Linear Regression Without Constant
n categories with n Dummy variables
When the explanatory variable is a dummy variable having n categories, we introduce only n-1 dummy variables. The coefficients of all such dummy variables is then interpreted as the difference between the corresponding dummy variable category compared to the base category. The impact of base category (for which no dummy variable is introduced) is represented by the constant intercept term. However, for n categories of dummy variable, we can also introduce n dummy variables. In this case, we run the regression without a constant term. Without dropping the constant term, there will be problem of autocorrelation. This method of running a dummy variable regression with no constant intercept term in STATA is outlined in this tutorial.
An alternative procedure for formulating the regression relationship in the previous question is as follows: First create a dummy variable called MA, defined as MA = 1 – FE (what does this variable denote?) Then estimate the following model: LNWAGE = γ1MA+ γ2FE + β1EDU + β2EX + β3EXSQ + ε
Interpret the estimates of γ1 and γ2 relating them to αM and αF above. According to economic theory, what would be the relationship among the estimates α1 and γ1, and α2 and γ2? Are your estimates consistent with this relationship? Formulate a test for the null hypothesis that there is no gender discrimination using the estimates of γ1 and γ2. What would be the problem of including an intercept in the model?
Creating a New variable in STATA
The command used for creating a new variable in STATA is
gen “new variable name” = ‘defining rule for new variable’
Thus in this example As instructed, we first create a dummy variable MA, defined as MA=1-FE as follows:
gen MA=1-FE
We then estimate the following model:
LNWAGE = γ1MA+ γ2FE + β1EDU + β2EX + β3EXSQ + ε
The regression output and the STATA command used for regression without constant term is given as follows:
regress LNWAGE EDU EX EXSQ FE MA, noconstant
Interpreting the STATA output of regression with no constant term
The value of coefficient γ1 is 0.6007225, which is interpreted as the minimum hourly wages in dollar (measured in logarithmic terms) that men (with no education and experience) receive in the given sample. The value of γ2 equals 0.3436 indicates the minimum hourly wage (measured in logarithmic terms) that female with no education and experience derives in the given sample.

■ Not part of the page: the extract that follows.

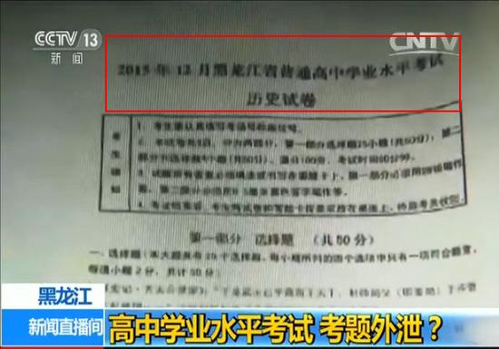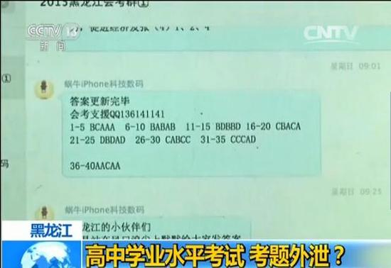 原标题:黑龙江高中学业水平考试泄题 考试进行中答案网上传
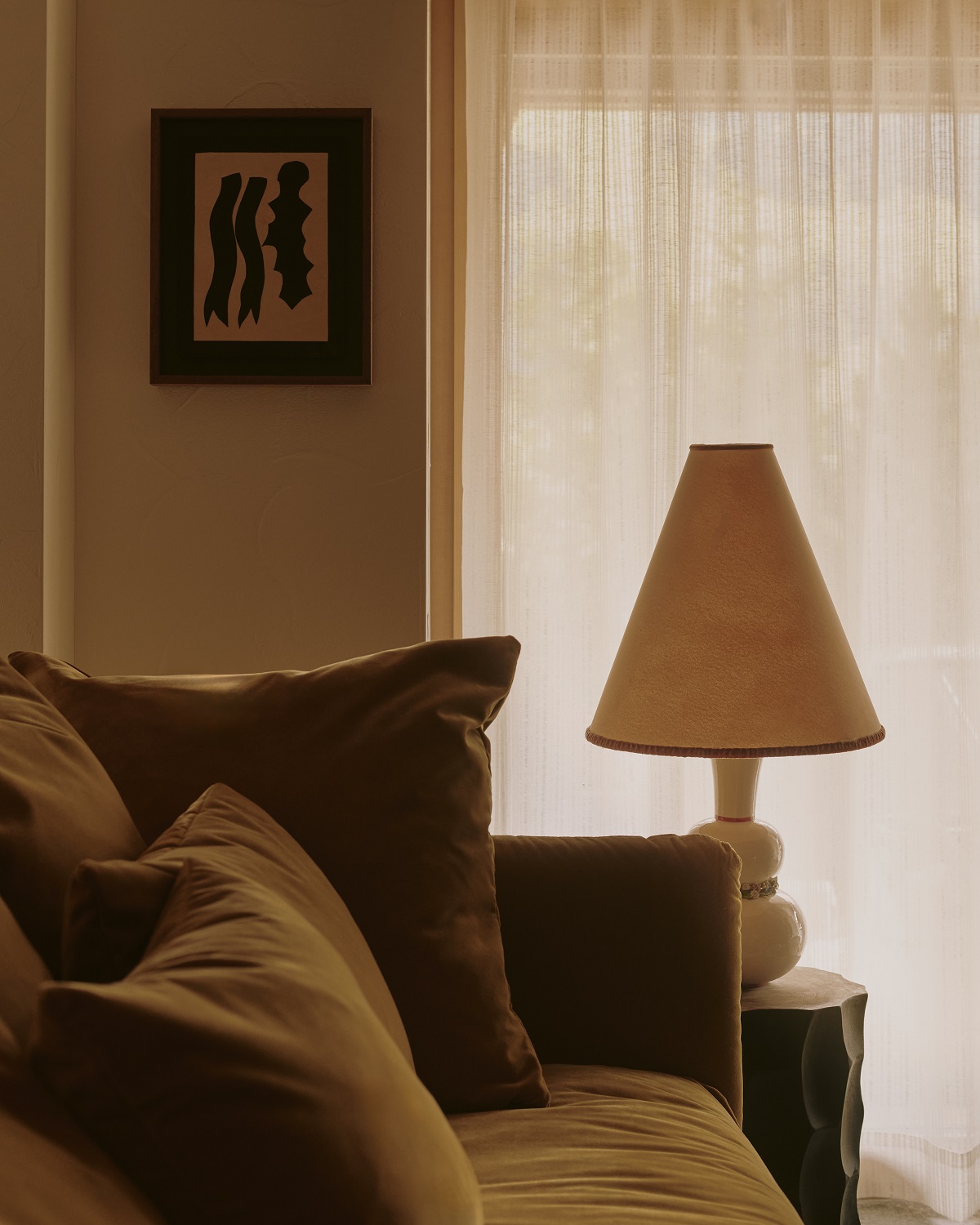 Crafted elements sourced from family businesses add maturity and soften the scene with handcrafted ceramic tableware by artist Andréa Anderson, hand knotted rugs by Layered and lighting by Grantlamp, a Valencian family design business since 1978 and oversized, handmade pendant lights by Memori Gallery in Marseille. Natural materials such as linen, leather, cotton, wool, and handcrafted double cloth weaves from Pembokeshire-based weavers Melin Tregwynt are the tempered link to easy, pared-back comfort.

The γ1 equals α1 and γ2 equals α1 + α2. The relationship is apparent from the interpretations of these coefficients and estimates are consistent with the relationship.
Since this model and the model in previous part are the same, we use the finding in the previous part to conclude that is statistically significant gender discrimination in hourly wage earnings expressed in logarithmic terms.
When an intercept is added in the model, there will be a problem of autocorrelation as the constant term captures the same gender effect as MA component and MA variable will be omitted from the model owing to autocorrelation.
Checking for Difference in Returns using two sample T-test with equal variances in STATA
The specifications above take the returns to education to be constant for males and females. How would you test whether this assumption is correct? Perform the test.
We test whether the return to education is constant for males and females using ttest in stata. The STATA command used for t-test and STATA test output obtained is
ttest EDU,by(FE)
Interpreting the STATA output for two sample t-test with equal variances
Based on the result obtained, we conclude that difference in returns to education for males and females is statistically insignificant at 5% level of significance. The reason is that value of t-statistic is less than 2 in absolute value and we therefore do not reject the null that there is no difference in returns to education for males and females. Also, p value is greater than 0.05, which implies statistical insignificance of the difference in returns to education at 5% level of significance.
Thus, the assumption that returns to education is constant for males and female is correct.